The study shows that electric vehicles, including plug-in hybrid electric vehicles and battery electric vehicles, can reduce per vehicle carbon emissions (including emissions produced directly by the vehicle as well as those generated by today's largely coal-fired electric power sources) by 19 percent over today's gas-powered automobiles. If China were to diversify its electric power supply away from coal-fired plants and toward renewable energy sources, however, per vehicle emissions from electric vehicles could be reduced by nearly 50 percent.
The study shows that by adopting a combination of several different technologies—electric vehicles, compressed natural gas (CNG) vehicles, gas–powered internal combustion engines, and technological enhancements to reduce emissions—China could reduce total CO2 emissions from passenger vehicles by up to 40 percent by 2030.
Electric vehicles are also an opportunity for China to enhance its energy security by reducing its reliance on imported oil. Assuming 30 percent of all passenger vehicles in China are electric vehicles by 2030, China could save up to 700 million barrels of oil, or 10 percent of the estimated 6.2 billion barrels of oil it is projected to need by then.
Electric vehicles also represent an attractive business opportunity for China's automakers and parts manufacturers.
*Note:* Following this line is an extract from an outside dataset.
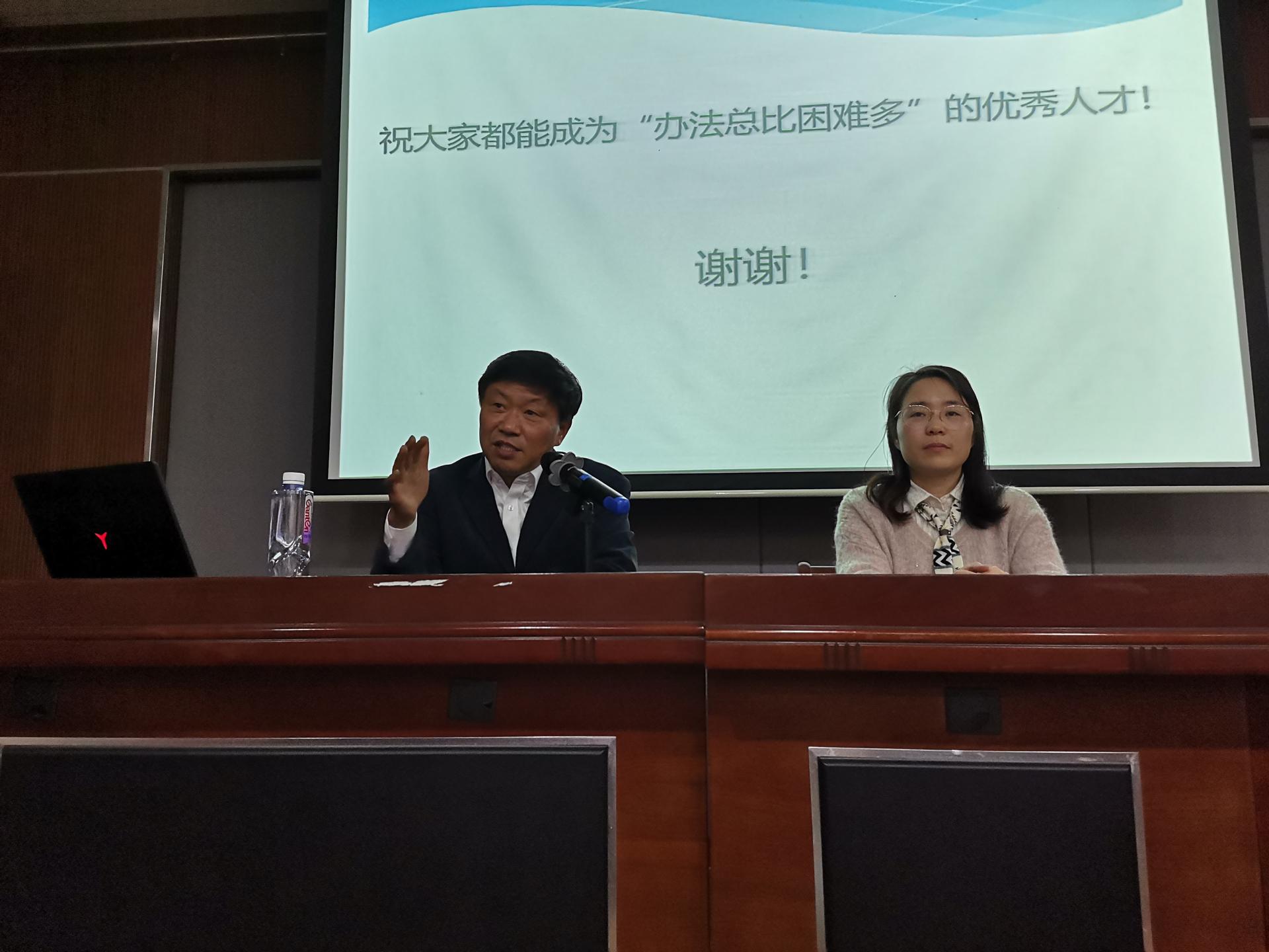 会上,高明教授从老员工的成长之路谈起,提出“成人是根本,成才是关键,成功是目标”,从辩证唯物主义与方法论、历史唯物主义与方法论两个方面为大家讲述成功的关键,并与同学们分享了个人感悟,解答了同学们的疑惑。高明教授的报告深入浅出、引经据典、旁征博引为同学们开启了一扇通往“成人成长成功”的智慧之门。

If electric vehicles were to achieve 30 percent penetration in China by 2030, the domestic market for assembled vehicles could reach 1.5 trillion renminbi by then, while the domestic parts market could be worth up to 400 billion renminbi.
Several Chinese manufacturers are positioning themselves to compete in the global market for electric vehicles. Shenzhen–based BYD has announced plans to launch plug-in hybrid electric and battery electric vehicles. Thunder Sky Energy Group, a Shenzhen-based lithium-ion battery manufacturer, supplies batteries that are used in electric buses in the United States, Japan, Italy, and Finland.
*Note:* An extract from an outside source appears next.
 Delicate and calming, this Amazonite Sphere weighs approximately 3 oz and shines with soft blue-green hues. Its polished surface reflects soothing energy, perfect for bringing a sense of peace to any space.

Recognizing the advantages of electric vehicles, the Chinese government has taken a number of substantive actions to kick–start their development and adoption. Besides channeling money into research and development of electric vehicle technology, the Chinese government can also promote greater consumer take-up of electric vehicles by increasing their affordability through tax incentives.
Paul Gao, partner and head of McKinsey's Automotive and Assembly Practice in Asia, believes, "With its large and rapidly growing domestic auto market, a pool of domestic automakers and parts manufacturers that are investing in related technologies, and essential backing from the government, China could play a shaping role in the global electric vehicles market."